In summary, the fast hand tracking device 40 of the present application provides two standard calibration frames to calibrate the video containing the human hand region, so that the calibration frame of the user calibration can be a standard calibration frame, and then segmented. The shape of the obtained hand region is standard, and the hand tracking effect is better based on the standard calibration frame of the segmentation.

It should be noted that the fast dynamic

hand tracking device

30, 40 described in the present application can be applied to the tracking of a single hand, and can also be applied to the tracking of multiple hands. For the tracking of multiple hands, the method of parallel tracking is used for tracking. The essence is the process of multiple single hand tracking. It will not be described in detail here. Any device that uses the idea of this application for hand tracking should It is included in the scope of this application.

Embodiment 5

FIG. 5 is a schematic diagram of a terminal according to Embodiment 5 of the present application.

The terminal 5 includes a memory 51, at least one processor 52, computer readable instructions 53 stored in the memory 51 and operable on the at least one processor 52, at least one communication bus 54 and an imaging device 55. .

The at least one processor 52 implements the steps in the fast hand tracking method embodiment when the computer readable instructions 53 are executed, such as steps 101 to 104 shown in FIG. 1 or steps 201 to 205 shown in FIG. 2. Alternatively, the at least one processor 52 implements the functions of the modules/units in the above-described apparatus embodiments when the computer readable instructions 53 are executed, such as the modules 301 to 304 in FIG. 3 or the modules 401 to 406 in FIG.

Illustratively, the computer readable instructions 53 may be partitioned into one or more modules/units, the one or more modules/units being stored in the memory 51 and by the at least one processor 52 Execute to complete this application. The one or more modules/units may be a series of computer readable instruction instruction segments capable of performing a particular function, the instruction segments being used to describe the execution of the computer readable instructions 53 in the terminal 5. For example, the computer readable instructions 53 may be divided into the display module 301, the calibration module 302, the segmentation module 303, and the tracking module 304 in FIG. 3, or may be divided into the display module 401, the calibration module 402, and the pre-FIG. The processing module 403, the segmentation module 404, the tracking module 405, and the normalization module 406. The display module 401 includes a first display sub-module 4010 and a second display sub-module 4012. The calibration module 402 includes a first standard stator module 4020, a second standard stator module 4022, and a third standard stator module 4024. For specific functions, see Embodiments 1 and 2 and their corresponding descriptions.

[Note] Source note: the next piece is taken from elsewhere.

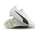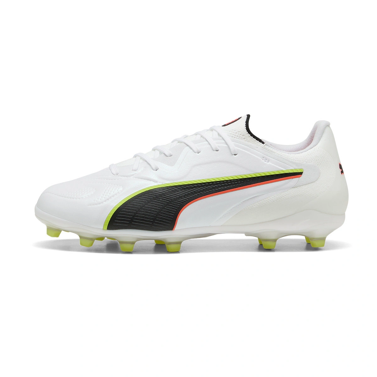 Scarpe da calcio per adulti King Pro 20 FG/AG. In pelle sintetica, da usare su campi in erba naturale e artificiale di ultima generazione. Di gamma media e disponibili nella colorazione White-Glowing Red-Yellow Alert.

The imaging device 55 includes a 2D camera, a 3D depth camera, etc., and the imaging device 55 may be mounted on the terminal 5 or may be separated from the terminal 5 as an independent component.

The terminal 5 can be a computing device such as a desktop computer, a notebook, a palmtop computer, and a cloud server. It can be understood by those skilled in the art that the schematic diagram 5 is only an example of the terminal 5, does not constitute a limitation of the terminal 5, may include more or less components than the illustration, or combine some components, or different components. For example, the terminal 5 may further include an input/output device, a network access device, a bus, and the like.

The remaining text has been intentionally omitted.